Contra ou a favor, as pessoas costumam ter uma opinião forte sobre cotas raciais. Isso ocorre porque o assunto mobiliza nossas intuições de justiça, que constituem a base de qualquer juízo moral. O interessante aqui é que tanto defensores como opositores das cotas pretendem ser os legítimos porta-vozes da equidade, atribuindo aos adversários uma visão distorcida do conceito e mesmo do mundo.
A diferença de perspectivas, creio, se deve ao fato de que cada lado aplica a noção de igualdade num momento diferente. Para o sujeito anticotas, a igualdade que prevalece é a jurídica. As regras devem ser rigorosamente as mesmas para todos, independentemente de raça, classe social, inteligência. Já para os cotistas, a igualdade tem de materializar-se nos resultados. Se negros e índios ficam sistematicamente para trás na corrida por uma vaga na universidade, precisamos equilibrar o jogo, dando-lhes alguma dianteira.
Tomadas pelo valor de face, as duas posições levam a aporias. Uma plena igualdade de todos diante da lei exigiria acabar com a progressividade do IR e as aposentadorias especiais, e estender o serviço militar obrigatório às mulheres.
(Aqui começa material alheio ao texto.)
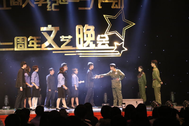 晚會(huì)在工商達(dá)人秀冠軍阿里木·買(mǎi)土送的精彩《動(dòng)聽(tīng)中東鼓》中拉開(kāi)帷幕,隨后各院節(jié)目依次登臺(tái),精彩不斷,讓現(xiàn)場(chǎng)觀眾在絢爛的燈光中,充分感受到了各學(xué)院的別樣風(fēng)采。經(jīng)濟(jì)學(xué)院舞蹈《千紅》突破了扇子舞的溫柔婉約,給人一種大氣優(yōu)美的感覺(jué);材料與機(jī)械工程學(xué)院的相聲《我最?lèi)?ài)國(guó)了》不時(shí)引起全場(chǎng)的開(kāi)懷大笑,卻又意味悠長(zhǎng);理學(xué)院的獨(dú)舞《密林傣風(fēng)》,平靜柔美,帶給大家藝術(shù)的享受;商學(xué)院的《地鐵故事》,讓大家看到啞劇藝術(shù)帶給人幽默滑稽搞笑的同時(shí),也從中學(xué)會(huì)文明乘車(chē),從我做起;計(jì)算機(jī)與信息工程學(xué)院的現(xiàn)代舞《human》,讓大家仿佛看到生命從產(chǎn)生到消逝那種永不放棄的力量;食品學(xué)院話劇《紅色的勝利》,帶領(lǐng)大家再次走入“一二·九”運(yùn)動(dòng)時(shí)學(xué)生激情澎湃,為國(guó)請(qǐng)?jiān)?;法學(xué)院《給未來(lái)的自己》感動(dòng)了全場(chǎng),不忘我們工商人,不舍我們工商情;藝術(shù)與傳媒學(xué)院勁爆街舞《藝傳TV》,熱烈奔放,讓大家不自覺(jué)地融入音樂(lè)的節(jié)拍;外國(guó)語(yǔ)學(xué)院的音樂(lè)劇《追憶紅色年華》,彰顯了男人的血性和豪邁,還有女人不輸須眉的勇敢和大氣。最后,工商達(dá)人秀彈唱類(lèi)冠軍小民謠組合受邀為大家?guī)?lái)的《張三的歌+外面的世界》,重新將熱烈激動(dòng)的觀眾帶入民謠的世界中。

Até programas para auxiliar crianças disléxicas teriam de ser suprimidos. Já a rigorosa igualdade de resultados, na qual até os salários de todos os cidadãos precisariam ser os mesmos, destruiria a produtividade e a inovação. Algo assim já foi tentado com o comunismo.
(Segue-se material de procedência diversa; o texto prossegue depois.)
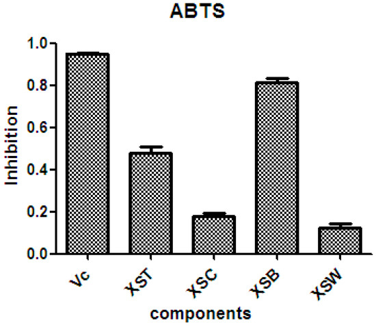 The radical-scavenging activity of the crude samples from X. sorbifolia husks. ABTS was prepared daily and diluted to an absorbance of 0.70 ± 0.02 at 734 nm. After the crude samples (50 µg/mL) reacted with the ABTS radical solution for 10 min, the absorbance values (Ai) at 734 nm were measured, and the percentage inhibitions were calculated. Vc, ascorbic acid; XST, 70% aqueous ethanol extract; XSC, chloroform soluble fraction; XSB, n-butanol soluble fraction; XSW, water soluble fraction. PTX, Paclitaxel.

O que devemos discutir, portanto, não é se ações afirmativas podem ser adotadas -a noção mesma de Estado democrático envolve algum tipo de auxílio aos mais necessitados-, mas em que grau e por quais instrumentos devemos implementá-las.
Pessoalmente, não gosto de cotas raciais. A ideia de ver agentes do Estado conferindo a cor da pele e outras características fenotípicas de cidadãos não evoca o melhor da humanidade. Existem alternativas mais inteligentes, mas essa é outra história.